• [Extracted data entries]
*** Block opens ***

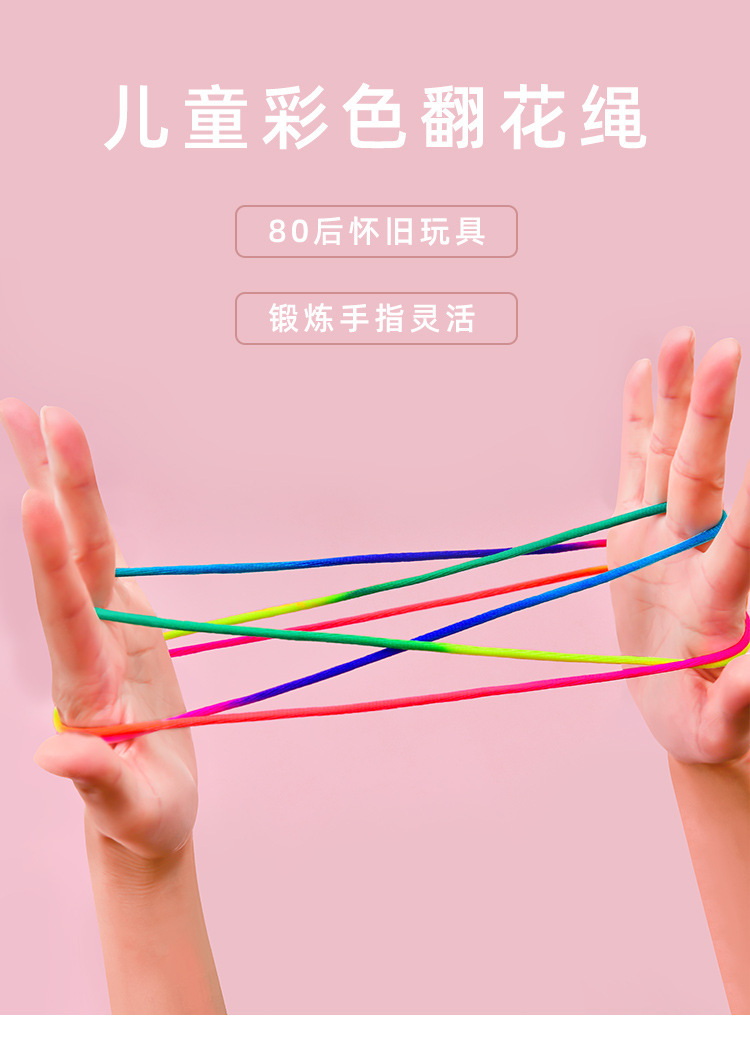 儿童翻花绳的花绳子专用绳学生彩虹彩色绳小学生挑花绳编花绳玩具
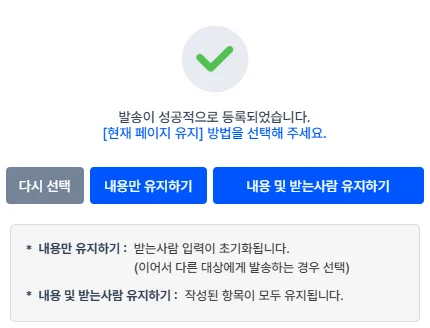 1. [새 메시지 작성] : 현재 페이지 (발송페이지)를 유지하며, 입력된 내용을 모두 초기화 합니다.
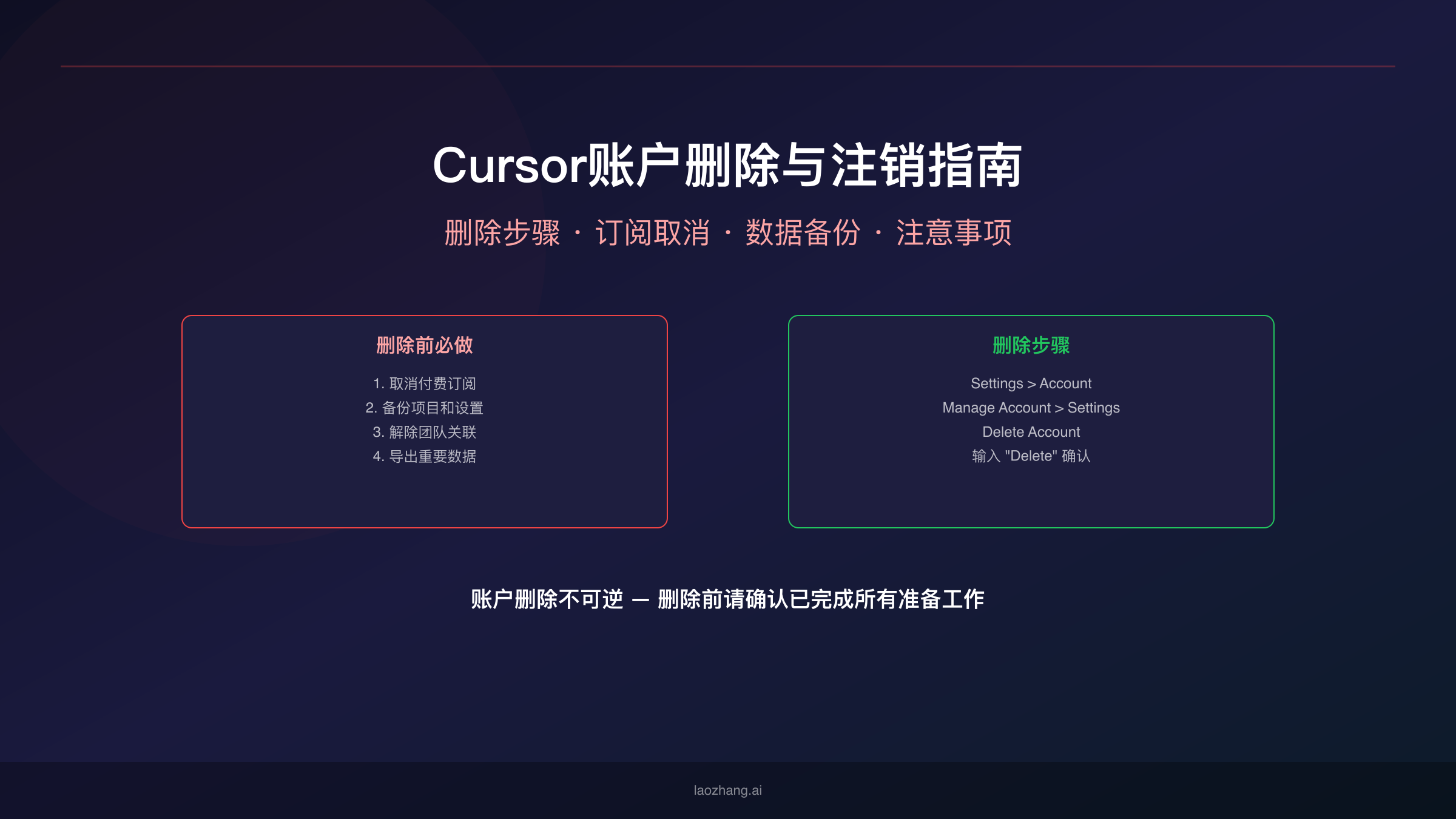 Cursor账户删除与注销完整指南:操作步骤、数据影响与替代方案
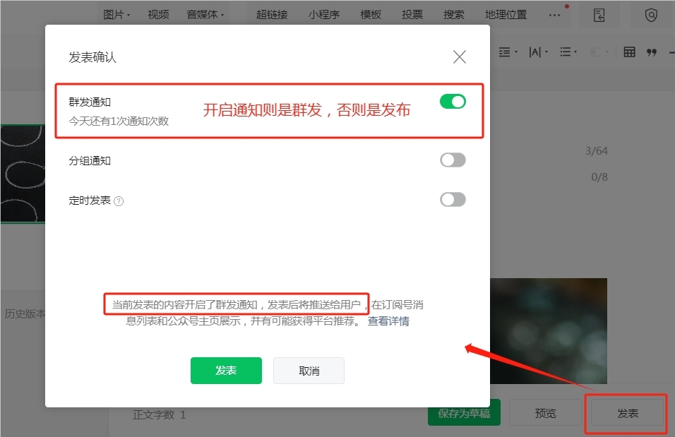1、要像原来那样群发文章,让用户可以接收到推送的步骤:点击编辑页面右下角的“发表”按钮—点击“群发通知”开关—点击弹窗下方的“发表”按钮。
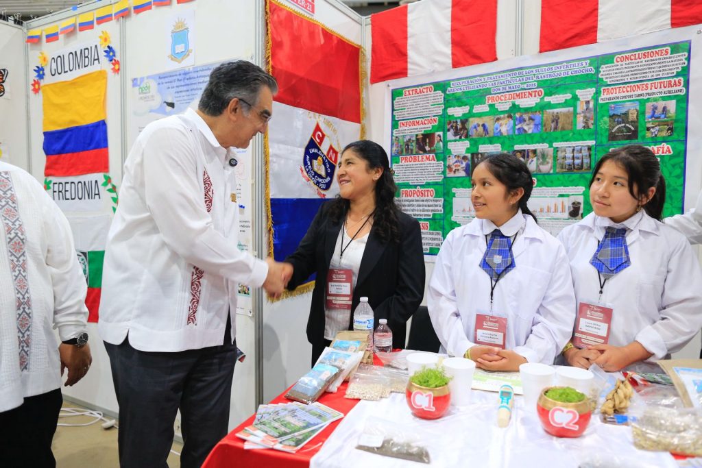 El mandatario estatal cortó el listón inaugural de la Expo y realizó un amplio recorrido por los stands en donde se ubican los 500 proyectos, incluyendo a los países participantes: Costa Rica, Alemania, Luxemburgo, Brasil, Colombia, Chile, Paraguay, Perú y Belice.

*** Block closes ***

• [Work instruction] Pictures are to be excluded; the records themselves are to be reproduced exactly.

• [Your solution]
 儿童翻花绳的花绳子专用绳学生彩虹彩色绳小学生挑花绳编花绳玩具
 1. [새 메시지 작성] : 현재 페이지 (발송페이지)를 유지하며, 입력된 내용을 모두 초기화 합니다.
 Cursor账户删除与注销完整指南:操作步骤、数据影响与替代方案
1、要像原来那样群发文章,让用户可以接收到推送的步骤:点击编辑页面右下角的“发表”按钮—点击“群发通知”开关—点击弹窗下方的“发表”按钮。
 El mandatario estatal cortó el listón inaugural de la Expo y realizó un amplio recorrido por los stands en donde se ubican los 500 proyectos, incluyendo a los países participantes: Costa Rica, Alemania, Luxemburgo, Brasil, Colombia, Chile, Paraguay, Perú y Belice.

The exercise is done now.